Из книги первого Можайского краеведа Н.И. Власьева в крепкой памяти подростка-поэта отложилось его слова, что «строителями Можайска были голяди, тот неизвестный загадочный народ русской истории, который нашими историко-географами относился то к финскому, то к литовскому и который был, очевидно, ни кем иным, как «гелонами» Герадота… Этим объясняется, пожалуй, гадательное происхождение на языческой Руси одного из гадательных фетишей русских – местной иконы Николая, вывезенной, видимо, голядями или сделанной ими самими». После ареста-расстрела краеведа-мзееведа книга его была изъята из библиотек, а при возвращении ее после реабилитации Власьева в круг источников принятие гипотезы о создании именно голядями православной святыни впоследствии было осложнено отсутствием каких-либо сведений о других примерах почитания в древней Руси языческих изображений в качестве почитаемых в русском народе, в Николином граде христианской реликвии Николы Можайского.
Единственность и неповторимость в воплощении святыни после строк дарителя книги Власьева бабушке и дяде дала толчок мысли и стихов Александру раньше многих, точнее, раньше всех в его детстве.

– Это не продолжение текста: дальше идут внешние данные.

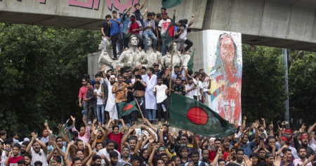 Il capo dell'esercito, generale Waker-Uz-Zaman, ha annunciato, in un discorso alla nazione diffuso dalla tv di Stato che formerà un governo ad interim a seguito delle dimissioni della premier, che ha intanto lasciato la capitale Dacca poco prima che i manifestanti prendessero d'assalto la sua residenza ufficiale. Secondo fonti vicine alla leader, Hasina sarebbe partita senza avere «il tempo di prepararsi», prima in un corteo di auto, poi è stata «evacuata in elicottero».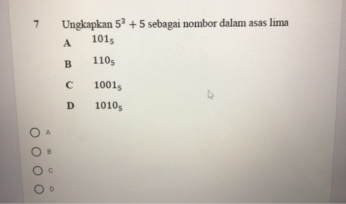 221 Asas Nombor SPM Praktis Kertas 1 Ungkapkan 2058 sebagai nombor dalam asas lima. A 10345 B 100345 C 103045 D 101345 5 Express 352 3 as a number in base five. 6 22 101111001 A 2100100 B 211011 C 2110010 D 2100110 7.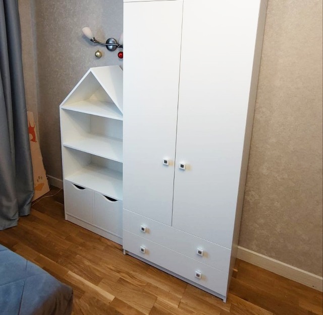 <comment>Заказывали ребёнку шкаф и кровать белого цвета. Оттенок цвета очень приятный, материал супер, ручки шкафа удобные и крепкие) отдельное спасибо доставке и мастеру по сборке, за оперативность.</comment>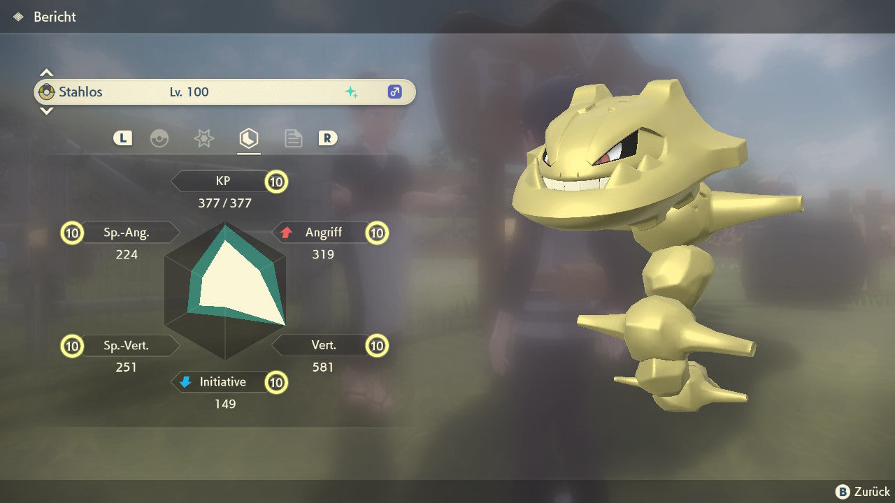 Das Pokemon ist mit beeindruckenden 6×31 IV-Werten ausgestattet. Das bedeutet, dass es auf allen sechs Werten (KP, Ang., Sp-Ang., Vert., Sp-Vert., Init.) die maximalen 31 IV/DV-Punkte besitzt. Dein Pokemon startet somit mit herausragender Stärke in digitale Kämpfe.
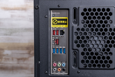 インターフェイスはマザーボード側にUSB 3.2 Gen 2 Type-C、USB 3.2 Gen 2 3基、USB 3.2 Gen 1 4 基、有線LAN(2.5Gigabit Ethernet)、アナログ7.1chサウンド(ライン出力、ライン入力、マイク入力、センター・サブ出力、リア出力、サイド出力)、本体上面にUSB Type-C、USB Type-A、3.5mmコンボジャック、ビデオカード側にHDMI、DisplayPort 3基を装備する。本体サイズは230×465×465mm、重量は実測9.4kgだ。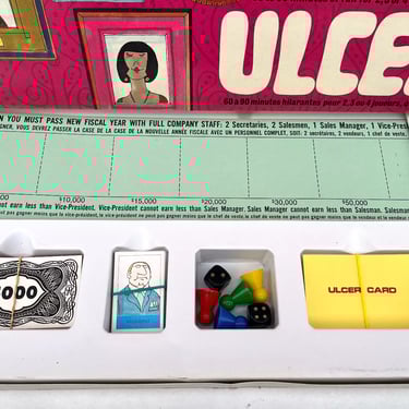 Le jeu de société Ulcers, sorti en 1969, est un jeu plutôt unique et controversé dans l'histoire des jeux de société. Créé par Milton Bradley, il a été conçu pour simuler le stress et les tensions d'une vie moderne, particulièrement en lien avec la pression au travail et les effets du stress sur la santé.

И пошло-поехало с толчка музееведа у футболиста-стихотворца Александра в историческом стихотворном исследовании предтечи Можайска града Голяда и статуи Николы Можайского в святительских одеяниях и голядскими атрибутами (мечом и градом вместо евангелия) на многие последующие годы…
Ища исторический Ключ Соляного Амбара при почтении последнего романа земляка Александр заметил, как Пильняк растворил образ Власьева в нескольких второстепенных персонажах, не сделав его предельно выпуклым и значимым, как в «Красном дереве», заставив музееведа-атеиста пьянствовать с Голым Человеком (по тексту повести с Христом, а по сути, с деревянной статуей с языческими корнями Николы Можайского).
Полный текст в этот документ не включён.